Tepat ketika Xia Houjue yang marah melompat kembali berdiri, bersiap untuk melawan Xiao Chen, orang-orang dari Istana Dewa Bela Diri akhirnya selesai memeriksa undangan orang tua ini dan mengumumkan hasilnya.
“Bagaimana mungkin?! Kelompok orang ini berasal dari Aliansi Laut Utara!”
Xia Houjue merasa agak pusing, kehilangan semua semangat bertarungnya, dan rasa dingin menjalar di punggungnya.
Dia benar-benar telah menyerang orang-orang Aliansi Laut Utara. Aliansi Laut Utara jauh dari Benua Kunlun. Tidak heran dia belum pernah mendengar nama Ye Chen.
Namun, dia pernah mendengar tentang Aliansi Laut Utara sebelumnya. Itu adalah kekuatan super dari Samudra Bintang Surgawi. Meskipun mereka lebih lemah dan tidak sekaya Istana Dewa Bela Diri, mereka jauh lebih kuat daripada Kota Kaisar Putih miliknya. Bencana memang tidak datang sendirian.

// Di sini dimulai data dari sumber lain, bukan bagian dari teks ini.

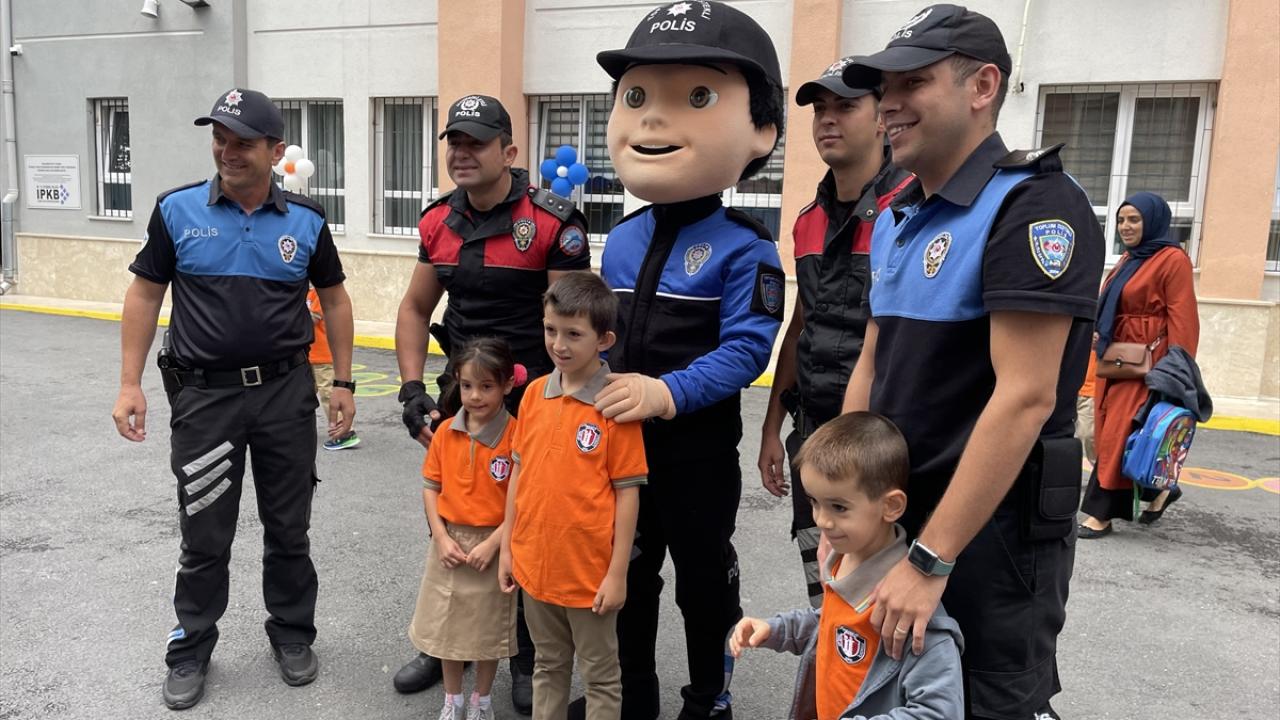 İstanbul`da eğitimin ilk gününde polisler miniklerin yanında yer aldı

Pertama, dia menyinggung putri angkat Raja Rubah Roh. Kemudian, dia menyinggung orang-orang Aliansi Laut Utara. Mengapa semua teman Xiao Chen adalah jenius iblis?
Ketika semua orang menatap Xia Houjue, ekspresi mereka berubah dari simpati menjadi kasihan.
Kota Kaisar Putih telah melakukan banyak persiapan untuk memberikan ucapan selamat dan hadiah. Sebagian besar faksi utama Domain Tianwu tiba satu demi satu, membuat Xia Houjue terlihat baik.
Namun, jika menyangkut Xiao Chen, Shui Lingling sendiri melampaui apa yang diterima Xia Houjue.
Xia Houjue tidak hanya mempermalukan dirinya sendiri, tetapi ia juga menyinggung Raja Rubah Roh dan Aliansi Laut Utara, dua raksasa Benua Kunlun, satu demi satu.
“Tuan tua, apakah Anda baik-baik saja?!”
Dengan menampar Xia Houjue, Xiao Chen berhasil melampiaskan sebagian kekesalannya, sehingga ia kehilangan minat untuk berurusan dengannya. Ia segera menghampiri pria tua yang diserang Xia Houjue.
Pria tua itu tersenyum dan menjawab, “Saya tidak terluka parah. Saya akan baik-baik saja setelah beristirahat sebentar. Tuan Muda mengatakan bahwa Tuan Muda Xiao menghargai persahabatan. Dan memang benar, Anda juga. Anda benar-benar layak menerima hadiah ini.
“Buka kotaknya. Biarkan Tuan Muda Xiao menghargai hadiah ini. Hadiah yang dikirim Tuan Muda kita tidak akan mempermalukan Aliansi Laut Utara.”
Meskipun sepuluh Raja Bela Diri puncak membawa kotak sepanjang dua ratus meter ini, mereka masih kesulitan.
Semua orang sudah lama merasa penasaran dengan isi kotak itu. Teman-teman Xiao Chen tampaknya semakin tidak percaya.
Putri angkat Raja Rubah Roh sudah memberikan Urat Roh Suci. Mungkinkah isi kotak itu menyaingi Urat Roh Suci?
Ketika para kultivator yang membawa kotak logam itu mendengar perintah untuk membuka tutupnya, mereka semua menghela napas lega. Dengan gerakan tangan mereka, mereka membuka kait pada kotak itu.
Tutup logam besar itu segera terbuka.
“Raungan!”
Begitu kotak logam itu terbuka, raungan naga yang telah lama terpendam menggema dari dalamnya, mengguncang sekitarnya. Kekuatan Naga yang bergelombang menyebar ke mana-mana.
Ini berbeda dari Kekuatan Naga yang ditiru oleh kultivator biasa. Ini adalah Kekuatan Naga paling purba yang mengandung aura kuno yang bertahan selama beberapa puluh ribu tahun.
“Suara Naga Sejati!”
“Apa yang ada di dalamnya? Kekuatan Naga yang begitu mengerikan! Mungkinkah itu tulang punggung Naga Sejati yang utuh?”
“Tulang punggung Naga Sejati sepanjang dua ratus meter? Itu terlalu ekstrem. Seberapa besar Naga Sejati ini ketika masih hidup?”
Tulang Naga Sejati bernilai setara dengan kota. Kelangkaannya sudah jelas. Di antara tulang-tulang itu, ruas-ruas tulang punggung Naga Sejati yang tak terhitung jumlahnya adalah yang paling berharga.